In Delhi, India – one of the world’s biggest cities with more than 22 million people, where violent crime is on the rise – residents can submit threat or crime information from their phones using Microsoft’s pilot Know Your Police Station mobile app.
The app has been available for a year now, and law enforcement agencies in Delhi “have begun to see more value than ever in the collaboration tools available through the big data and the cloud,” writes Arthur Thomas Ball, Microsoft’s managing director of Public Safety and National Security in Asia. People can send information via text message, email or Twitter.
Using a cloud-based geographical information system via Bing Maps and Google Maps, the app “has the capability to send the alert to the nearest police station to provide officers with a real-time snapshot of criminal activity and crime-prone areas in the capital” of New Delhi, which is a part of the city of Delhi, says Ball.
“The advanced technology comes as an important time in the city, which has experienced a recent surge in violent crime,” he writes.
With the Know Your Police Station app, police officers “have increased visibility into unit operations, jurisdiction, and local crime data at the colony level, while utilizing a flexible software-as-a-service (SaaS) platform from Microsoft to keep the system extremely cost effective,” he writes on the Microsoft on Safety and Defense Blog.
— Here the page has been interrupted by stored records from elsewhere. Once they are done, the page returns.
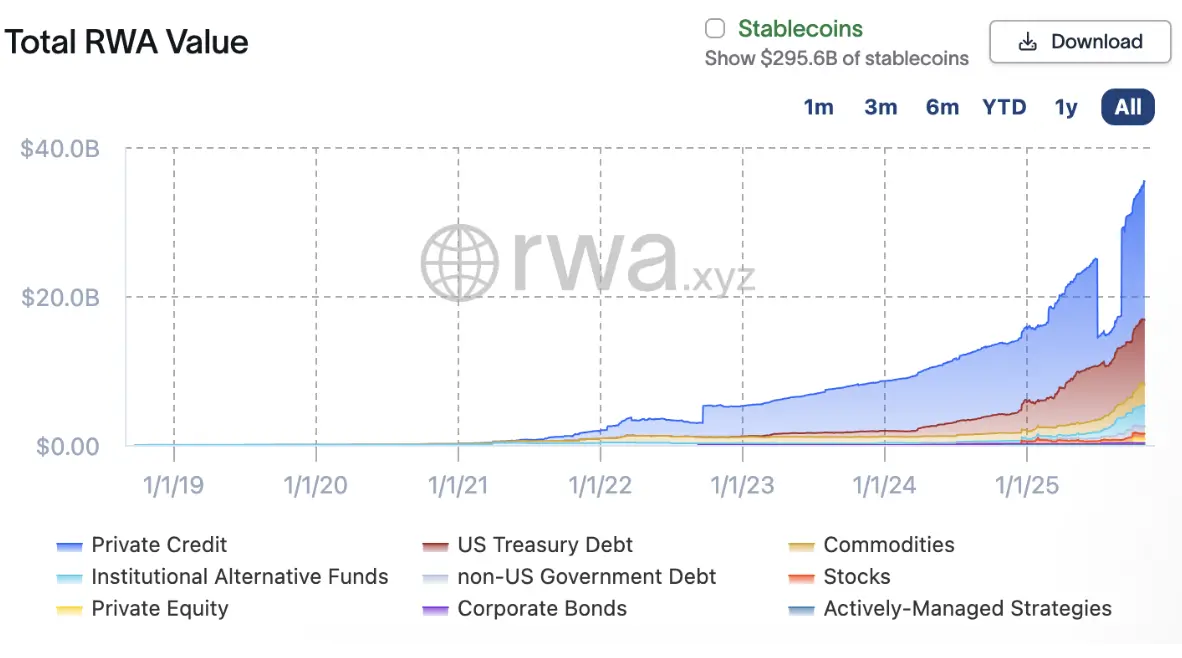 进入2025年以来,RWA——将房地产、债券、商品等传统资产代币化上链——正成为DeFi的“增量引擎”。据RWA.xyz统计,截至2025年10月31日,链上RWA总市值已超350亿美元,同比增长150%(是DeFi增长率的10倍)。麦肯锡预测,到2030年,RWA市场规模将达10万亿美元。
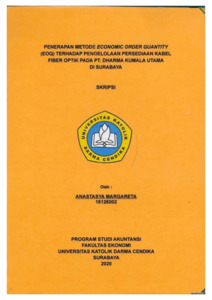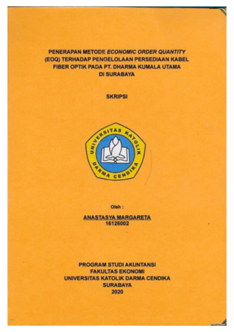 Margareta, Anastasya (2020) PENERAPAN METODE ECONOMIC ORDER QUANTITY (EOQ) TERHADAP PENGELOLAAN PERSEDIAAN KABEL FIBER OPTIK PADA PT. DHARMA KUMALA UTAMA DI SURABAYA. Undergraduate thesis, Universitas Katolik Darma Cendika Fakultas Ekonomi.
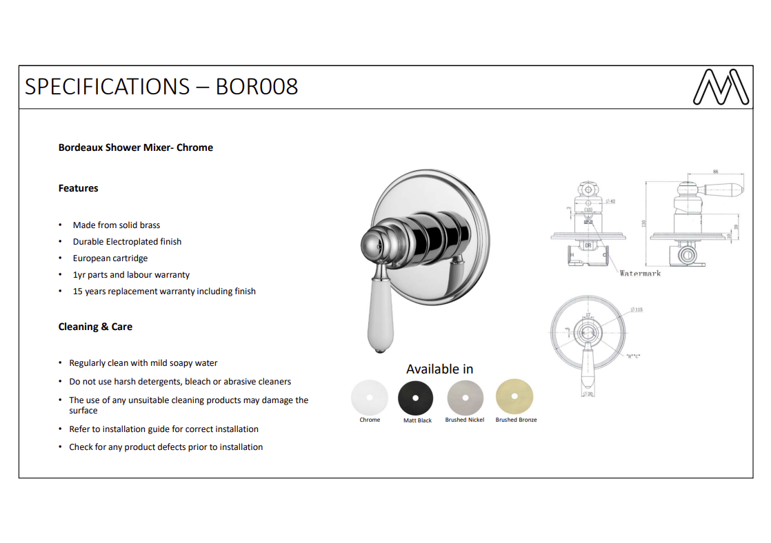 | Model Name | MODERN NATIONAL- BORDEAUX Shower Mixer Chrome |

For residents, the app has been a means of quickly identifying the Delhi Police Station jurisdiction a particular location falls within, as well as providing the contact data for the police station house “if the citizen wishes to alert them of potential threats in their respective districts,” he writes.
Right now, filing a complaint or an initial information report can be tedious for Delhi residents, who must visit their local precinct in person to do so. That’s not an efficient process for crime-fighting, either.
The Know Your Police Station app removes that step for citizens, and can hasten action by the police. The app includes “several flexible and intuitive features designed to enhance the usability for citizens, such as the ability to give location-tagged feedback for a nearby police station, to route feedback to individual police stations by email and SMS, and to attach and photos for quick and easy identification wherever they are.”
The result, Ball writes, is an “open, device-agnostic communication channel that allows Delhi residents to become collaborative partners in policing and supports safer communities for all.”
With more than half of the world's population now living in urban areas, he writes, "the demands on city law enforcement agencies are higher than ever. Tools like Know Your Police Station can help empower citizens to get involved in their own community safety at the same time that they support better policing."
To read Ball’s entire post, head over to the Microsoft on Safety and Defense Blog.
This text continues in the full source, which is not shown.